Most of our Kentucky readers have probably heard of Tesla Motors, the auto manufacture which produces electric vehicles and sells them directly to consumers rather than going through a dealer. At present, there are only several states which allow direct sales of Tesla vehicles. There are also several states where such sales are prohibited. In states where Tesla vehicles may not be sold, Tesla locations may only serve as showrooms. Kentucky is among the states where there are no Tesla locations.
Tesla has had a hard time getting its business model to really pick up, and recently announced that it would be selling $500 million worth of stock in an effort to raise money. The stock sale is primarily aimed at increasing the company’s showroom presence, as well as establishing more service centers and expanding its energy-storage business. Will the stock sale be successful?
The success of any stock sale depends on the circumstances in which a company finds itself. One of the risks that has to be taken into consideration is stock dilution.
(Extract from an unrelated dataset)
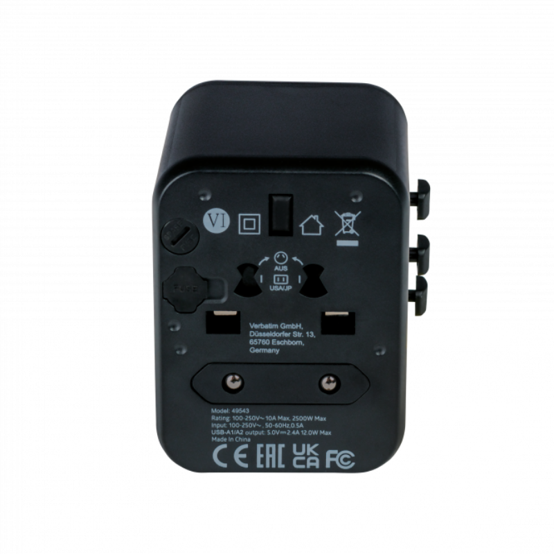 Adapter podróżny Verbatim 2x USB-A 1x AC Czarny - Black

In Tesla’s case, experts have said that the company is able to raise money through stock sales without significant dilution—current investors in Tesla stock are expected to experience a 1.6 percent decrease in value.
For Tesla, the situation is rather good, given that standard accounting shows the company is not expected to actually make a profit until 2020 by ordinary accounting calculations. Much of the situation is dictated by investor optimism in Tesla products. After the announcement was made, Tesla shares rose by 1.8 percent.
With stock sales, it is always important for businesses to consider tax ramifications.